Other issues: valuing the first estate, ascertained valued for CGT
Where the value of an asset is not ascertained for the purposes of determining the chargeable value of the estate on the death of the first spouse or civil partner to die, on any subsequent sale, the acquisition value for CGT will need to be established. If that property is subsequently valued to find the percentage of the TNRB available on the second death, the value we adopt for IHT does not replace the value used in establishing the CGT liability IHTA84/S8C(8).
On the death of the first spouse in January 2008, their share of the matrimonial home is left to the son, with the residue passing to the surviving spouse. The value returned for the entirety is £300,000, so the half share chargeable on the first death is £150,000.
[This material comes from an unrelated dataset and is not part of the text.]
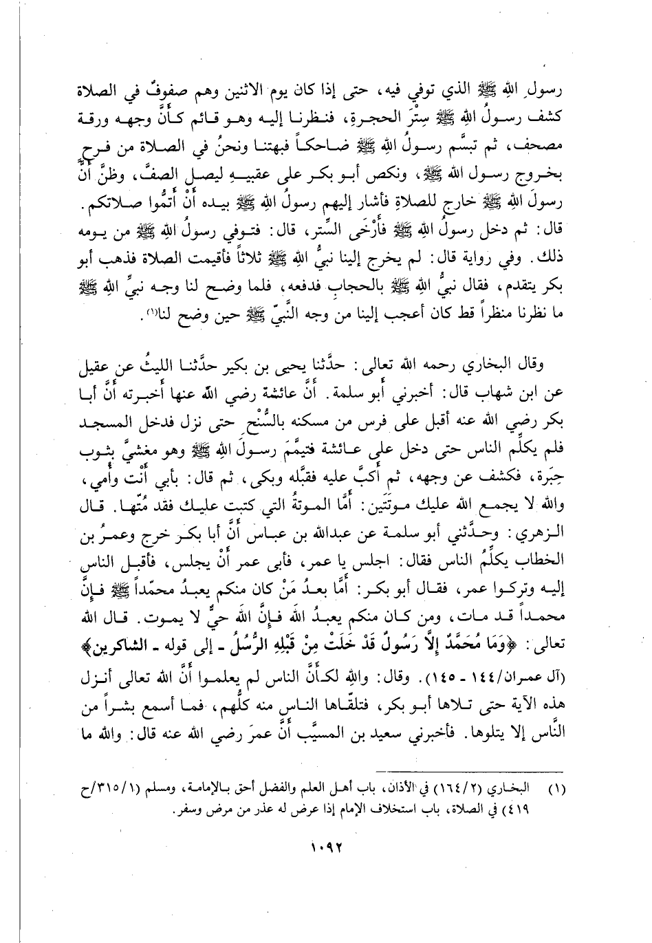 وَقَالَ الْبُخَارِيُّ رَحِمَهُ اللَّهُ تَعَالَى: حَدَّثَنَا يَحْيَى بْنُ بُكَيْرٍ حَدَّثَنَا اللَّيْثُ عَنْ عُقَيْلٍ عَنِ ابْنِ شِهَابٍ قَالَ: أَخْبَرَنِي أَبُو سَلَمَةَ أَنَّ عَائِشَةَ رَضِيَ اللَّهُ عَنْهَا أَخْبَرَتْهُ أَنَّ أَبَا بَكْرٍ رَضِيَ اللَّهُ عَنْهُ أَقْبَلَ عَلَى فَرَسٍ مِنْ مَسْكَنِهِ بِالسُّنْحِ حَتَّى نَزَلَ فَدَخَلَ الْمَسْجِدَ فَلَمْ يُكَلِّمِ النَّاسَ حَتَّى دَخَلَ عَلَى عَائِشَةَ, فَتَيَمَّمَ رَسُولَ اللَّهِ -صَلَّى اللَّهُ عَلَيْهِ وَسَلَّمَ- وَهُوَ مُغَشًّى بِثَوْبِ حِبَرَةٍ, فَكَشَفَ عَنْ وَجْهِهِ ثُمَّ أَكَبَّ عَلَيْهِ فَقَبَّلَهُ وَبَكَى, ثُمَّ قَالَ: بِأَبِي أَنْتَ وَأُمِّي, وَاللَّهِ لَا يَجْمَعُ اللَّهُ عَلَيْكَ مَوْتَتَيْنِ: أَمَّا الْمَوْتَةُ الَّتِي كُتِبَتْ عَلَيْكَ فَقَدْ مُتَّهَا. قَالَ الزُّهْرِيُّ: وَحَدَّثَنِي أَبُو سَلَمَةَ عَنْ عَبْدِ اللَّهِ بْنِ عَبَّاسٍ أَنَّ أَبَا بَكْرٍ خَرَجَ وَعُمَرُ بْنُ الْخَطَّابِ يُكَلِّمُ النَّاسَ فَقَالَ: اجْلِسْ يَا عُمَرُ, فَأَبَى عُمَرُ أَنْ يَجْلِسَ, فَأَقْبَلَ النَّاسُ إِلَيْهِ وَتَرَكُوا عُمَرَ, فَقَالَ أَبُو بَكْرٍ: أما بعد من كَانَ مِنْكُمْ يَعْبُدُ مُحَمَّدًا -صَلَّى اللَّهُ عَلَيْهِ وَسَلَّمَ- فَإِنَّ مُحَمَّدًا قَدْ مَاتَ, وَمَنْ كَانَ مِنْكُمْ يَعْبُدُ اللَّهَ فَإِنَّ اللَّهَ حَيٌّ لَا يَمُوتُ, قَالَ اللَّهُ تَعَالَى: {وَمَا مُحَمَّدٌ إِلَّا رَسُولٌ قَدْ خَلَتْ مِنْ قَبْلِهِ الرُّسُلُ} إِلَى قَوْلِهِ: {الشَّاكِرِينَ} [آلِ عِمْرَانَ: 144-145] وَقَالَ: وَاللَّهِ لَكَأَنَّ النَّاسَ لَمْ يَعْلَمُوا أن الله تعالى أَنْزَلَ هَذِهِ الْآيَةَ حَتَّى تَلَاهَا أَبُو بَكْرٍ, فَتَلَقَّاهَا النَّاسُ مِنْهُ كُلُّهُمْ, فَمَا أَسْمَعُ بَشَرًا مِنَ النَّاسِ إِلَّا يَتْلُوهَا. فَأَخْبَرَنِي سَعِيدُ بْنُ الْمُسَيَّبِ أَنَّ عُمَرَ رَضِيَ اللَّهُ عَنْهُ قَالَ: وَاللَّهِ مَا

The property is sold in 2009 for £350,000 and the son’s share is liable to CGT. As the value for his share was not ascertained for IHT purposes on the first death, it is necessary to agree the acquisition value to establish the chargeable gain. The value of a one half share in January 2008 is agreed, for CGT purposes, at £127,500.
On the survivor’s death in 2011, we need to agree the value of the house so that we can establish the amount of the nil rate band available for transfer. The value is agreed at £300,000, so the chargeable estate on the first death is £150,000, meaning that TNRB available for transfer is 50%.
As the value of £150,000 has been ascertained for the value of the half share on the first death, this would normally be the acquisition value for the CGT charge. FA2008/Sch4/Para8 prevents the normal rule applying and the CGT calculation is not adjusted.
This only applies solely in connection with TNRB; in all other cases, TCGA92/S274 applies to adopt the value ascertained for IHT purposes as the acquisition value for CGT.